In the event, he'd taken the dress back after she'd only worn it once. The next woman to wear it was the similarly slim and slight Miss Swann. It had to be said, even though the dress was made for Lovehaste's measurements, Elizabeth Swann had looked a thousand times more attractive.

So it was a sensation of shock that overcame Barbossa when he saw the snoozing pink sausage of a baby in the cot.

Oh well, at least now he knew what Tia Dalma had given Lovehaste in return for 'information'. He said a string of rude things, centring on casting aspersions on the two women's species and working up from there. How the hell was he going to persuade Lovehaste to take a brat of a few months old onto a ship, for ship read 'floating hothouse of disease'?

A groan and a fluted, "Oh! Where am I?" indicated Lovehaste had woken up and was going to play the fainting card for everything it was worth.

He strode back in. "Lovehaste," he snarled, and she jumped, apparently working out where she was very quickly.

"Y-yes, captain?" she asked, tremulously.

Barbossa pointed towards the bedroom and gave her a steely glare. Lovehaste made a wailing noise. "Oh, oh please let me take him!" she exclaimed, starting up her pleading-with-bad-men sobs. "I will make sure he never bothers you! Don't make me leave my baby!"
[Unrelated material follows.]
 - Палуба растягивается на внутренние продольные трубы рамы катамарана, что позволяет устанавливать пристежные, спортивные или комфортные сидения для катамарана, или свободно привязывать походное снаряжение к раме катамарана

Barbossa was thrown slightly off course by this, (and rather creeped out by Lovehaste's use of 'my baby') but he was never one to let his guard down. "Ye had better not," he hissed at her, whilst inside he yowled with happy laughter and rolled around on the floor, making 'bduh bduh bduh' noises. "I hope yer realise it'll be dead within three days. I don't want yer cluttering up my ship with dear little coffins, understand? When it dies, yer toss it over the side."
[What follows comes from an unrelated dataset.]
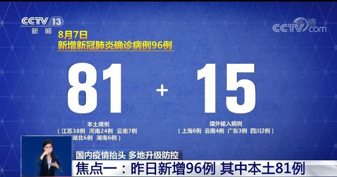 焦点一:先来从数据看变化。国家卫健委今天(8月8日)发布,昨天(7日)各地报告新增新冠肺炎确诊病例96例,其中,本土病例81例,分别为江苏38例,河南24例,云南7例,湖北6例,湖南6例。另外15例为境外输入病例,分别为上海6例,云南4例,广东3例,四川2例。

Lovehaste had turned a sickly shade of spring green, but she nodded, weakly. Then she shuddered a full body shudder and sat down, heavily on the floor.

Barbossa's eye was drawn to her chest, for want of a better word. There was a rather familiar mark on her breastbone, circular, puckered and tender-looking, that he could swear wasn't there when he'd entered the house.

He smiled, grimly satisfied. Ye evil bitch, Tia Dalma. Yer really know what yer doing, don't yer?